- **PROBLEM**
Omit all pictures and transcribe only the lines in the entries below that run from the line with "Das zuvor erwähnte" through the line with "Welcome! Here is".

- **DATASET CONTENT**
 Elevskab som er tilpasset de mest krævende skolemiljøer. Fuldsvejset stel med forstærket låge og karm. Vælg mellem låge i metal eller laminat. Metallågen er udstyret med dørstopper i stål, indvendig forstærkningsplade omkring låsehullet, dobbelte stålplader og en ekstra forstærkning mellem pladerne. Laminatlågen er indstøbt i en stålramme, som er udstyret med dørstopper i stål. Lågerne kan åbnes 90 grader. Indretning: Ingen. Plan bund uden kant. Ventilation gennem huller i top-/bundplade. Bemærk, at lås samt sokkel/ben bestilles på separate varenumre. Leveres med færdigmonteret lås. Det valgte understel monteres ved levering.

--

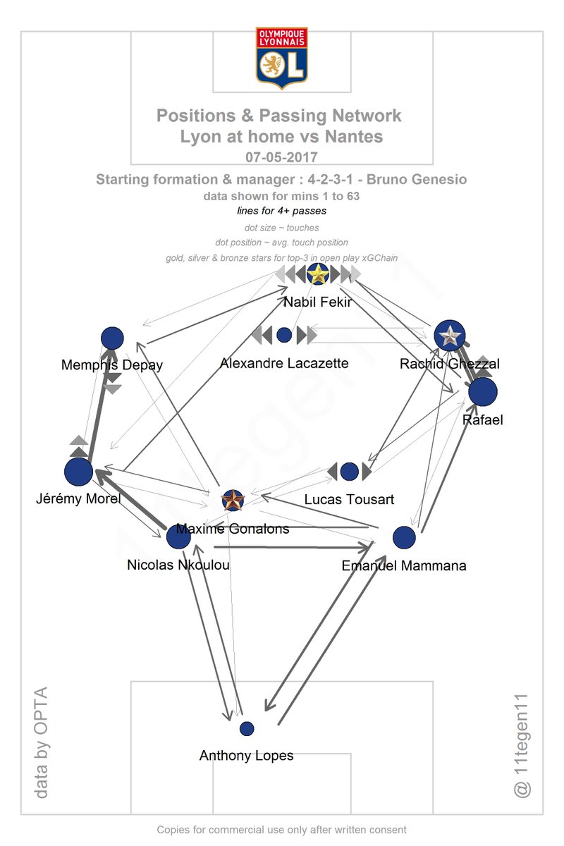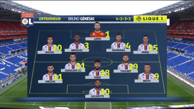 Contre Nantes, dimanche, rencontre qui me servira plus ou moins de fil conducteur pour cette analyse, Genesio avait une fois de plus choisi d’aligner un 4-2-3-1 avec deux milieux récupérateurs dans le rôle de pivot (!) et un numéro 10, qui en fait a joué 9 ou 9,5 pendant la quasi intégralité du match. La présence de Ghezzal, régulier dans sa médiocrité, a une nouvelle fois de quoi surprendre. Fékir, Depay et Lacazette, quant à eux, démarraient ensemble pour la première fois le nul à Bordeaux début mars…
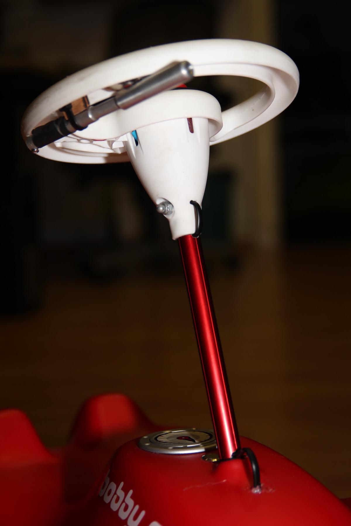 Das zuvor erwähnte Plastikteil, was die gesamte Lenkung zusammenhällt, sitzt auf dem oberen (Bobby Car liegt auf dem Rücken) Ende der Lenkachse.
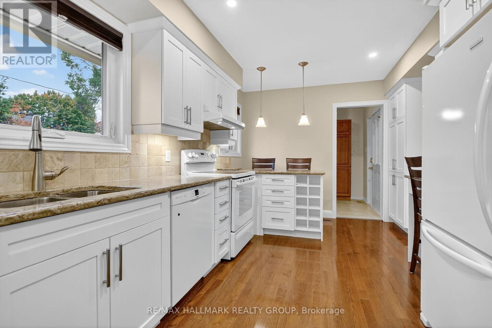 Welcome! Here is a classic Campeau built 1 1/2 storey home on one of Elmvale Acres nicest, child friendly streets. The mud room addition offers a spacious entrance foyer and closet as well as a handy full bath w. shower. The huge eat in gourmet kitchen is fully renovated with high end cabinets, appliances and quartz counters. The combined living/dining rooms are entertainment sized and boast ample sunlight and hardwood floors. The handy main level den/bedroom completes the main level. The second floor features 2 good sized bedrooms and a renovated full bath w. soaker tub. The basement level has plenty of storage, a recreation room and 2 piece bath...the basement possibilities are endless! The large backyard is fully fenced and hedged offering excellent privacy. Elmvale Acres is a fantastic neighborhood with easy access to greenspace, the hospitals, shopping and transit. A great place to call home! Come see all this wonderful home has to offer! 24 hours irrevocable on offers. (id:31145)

- **SOLUTION BELOW**
 Das zuvor erwähnte Plastikteil, was die gesamte Lenkung zusammenhällt, sitzt auf dem oberen (Bobby Car liegt auf dem Rücken) Ende der Lenkachse.
 Welcome! Here is a classic Campeau built 1 1/2 storey home on one of Elmvale Acres nicest, child friendly streets. The mud room addition offers a spacious entrance foyer and closet as well as a handy full bath w. shower. The huge eat in gourmet kitchen is fully renovated with high end cabinets, appliances and quartz counters. The combined living/dining rooms are entertainment sized and boast ample sunlight and hardwood floors. The handy main level den/bedroom completes the main level. The second floor features 2 good sized bedrooms and a renovated full bath w. soaker tub. The basement level has plenty of storage, a recreation room and 2 piece bath...the basement possibilities are endless! The large backyard is fully fenced and hedged offering excellent privacy. Elmvale Acres is a fantastic neighborhood with easy access to greenspace, the hospitals, shopping and transit. A great place to call home! Come see all this wonderful home has to offer! 24 hours irrevocable on offers. (id:31145)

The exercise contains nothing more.